**THE DATA:**
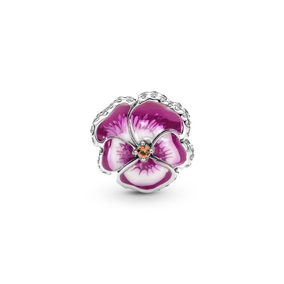 Viola del Pensiero Rosa Argento Sterling 925; 2 cristalli arancione scuro, incastonatura a griffe, taglio brillante; 12 micro zirconia cubica incolore e 44 zirconia cubica incolore, incastonatura a granette, taglio brillante; smalto radiant
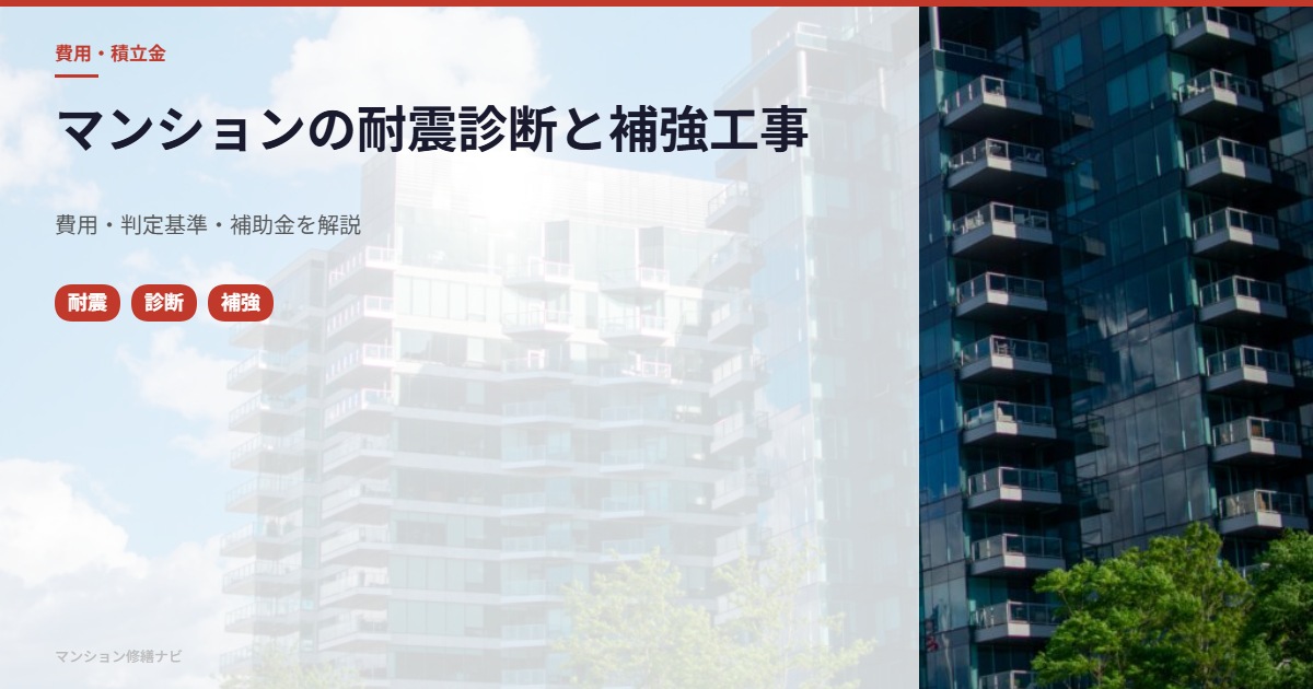 築30年以上のマンションの場合、大規模修繕のタイミングで耐震診断・補強工事を検討する管理組合が増えています。理由は、外壁や防水の修繕工事と同時に実施することで、工事の効率化と費用削減が可能だからです。
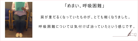 肩が重だるくなっていたものが、とても軽くなりました。呼吸困難については気付けば治っていたという感じです。
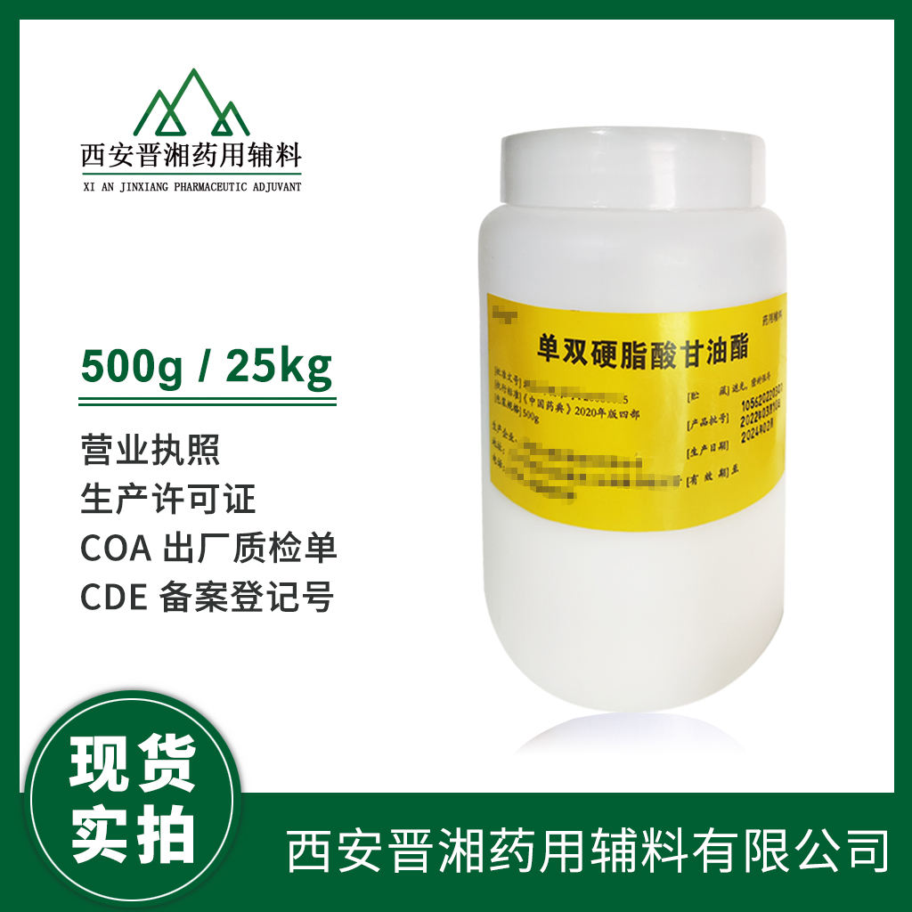 本品为单、二、三硬脂酸和棕榈酸混合甘油酯。由硬脂酸与过量甘油通过酯化反应制得,或由氢化植物油与甘油在催化剂的作用下,经过醇解反应制得。含单甘油酯应为40.0%~55.0%,二甘油酯应为30.0%~45.0%,三甘油酯应为5.0%~15.0%。【性状】本品为白色或类白色的蜡状颗粒或薄片。本品在60℃乙醇中极易溶,在水中几乎不溶。

**WHAT NEEDS TO BE DONE:**
Output the complete listing exactly. Pictures stay out.

**TASK ANSWER:**
 Viola del Pensiero Rosa Argento Sterling 925; 2 cristalli arancione scuro, incastonatura a griffe, taglio brillante; 12 micro zirconia cubica incolore e 44 zirconia cubica incolore, incastonatura a granette, taglio brillante; smalto radiant
 築30年以上のマンションの場合、大規模修繕のタイミングで耐震診断・補強工事を検討する管理組合が増えています。理由は、外壁や防水の修繕工事と同時に実施することで、工事の効率化と費用削減が可能だからです。
 肩が重だるくなっていたものが、とても軽くなりました。呼吸困難については気付けば治っていたという感じです。
 本品为单、二、三硬脂酸和棕榈酸混合甘油酯。由硬脂酸与过量甘油通过酯化反应制得,或由氢化植物油与甘油在催化剂的作用下,经过醇解反应制得。含单甘油酯应为40.0%~55.0%,二甘油酯应为30.0%~45.0%,三甘油酯应为5.0%~15.0%。【性状】本品为白色或类白色的蜡状颗粒或薄片。本品在60℃乙醇中极易溶,在水中几乎不溶。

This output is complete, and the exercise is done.